A simplified report of gastric retention values at select times is now recommended for scintigraphic gastric emptying test (GET).


The purpose of this study was to assess correlation between severity of gastroparetic symptoms and all variables of GET, compared to select variables in clinical use.


This was a prospective study of patients referred for scintigraphic GET. The Gastroparesis Cardinal Symptom Index questionnaire was obtained prior to the scintigraphy. Variables determined were lag time, half emptying time (T1/2), retention at 30 min, 1, 2 and 4 h. Statistical analysis was by Spearman rank correlation and Wilcoxon rank test with a significance set at p ≤ 0.05.

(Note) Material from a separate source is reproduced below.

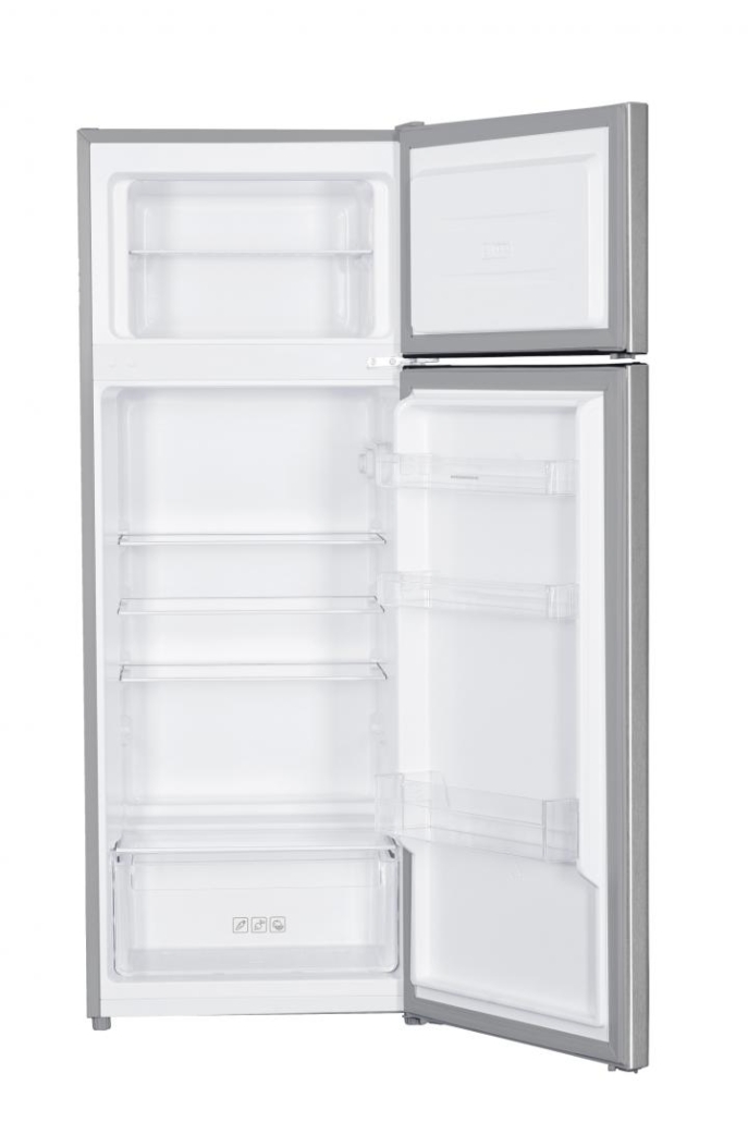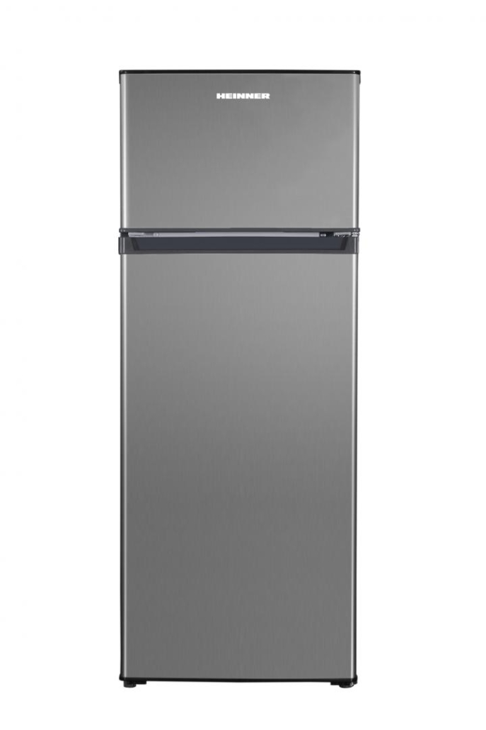 Double door refrigerator Heinner HF-H2206XF+, Energy efficiency class: F, Total capacity: 206L, Fridge capacity: 169L, Freezer capacity: 37L, Mechanical control with adjustable thermostat, LED light, 3 fridge glass shelves, 1 compartment for fruits and vegetables, Reversible doors, Egg tray, Freezing capacity: 2.4kg/24h, Dimensions (WxDxH): 54.5 x 55.5 x 143 cm, Colour: Inox Look

Seven hundred seventeen patients had GET from 03/09 to 03/11. Results are from 325 patients who did not take medications known to affect GET were analyzed (64.9 % females, mean age 47 ± 18.9 years, 21.8 % diabetics, 78.2 % non-diabetic, of which 7.6 % were post-surgical, primarily post-fundoplication). Combined gastric retention at 2 and 4 h detected delayed GET in 83.5 % non-diabetics and 76.6 % of diabetics. Rapid GET was present in 11 % of patients at 30 min and 4 % at 1 h. Significant positive correlation was observed between nausea, vomiting, loss of appetite and variables of GET, but not with the half-time of emptying (T1/2). Bloating negatively correlated with retention at 2 h. There was no association between duration of symptoms and GET variables.


Gastroparetic symptoms correlate with different retention times of GET, but not with T1/2. However, symptoms poorly distinguish between categories of gastroparesis or status of gastric emptying. Delayed GE is best detected by 2 and 4 h retention times, while 30 min and 1 h retention times detect rapid GE.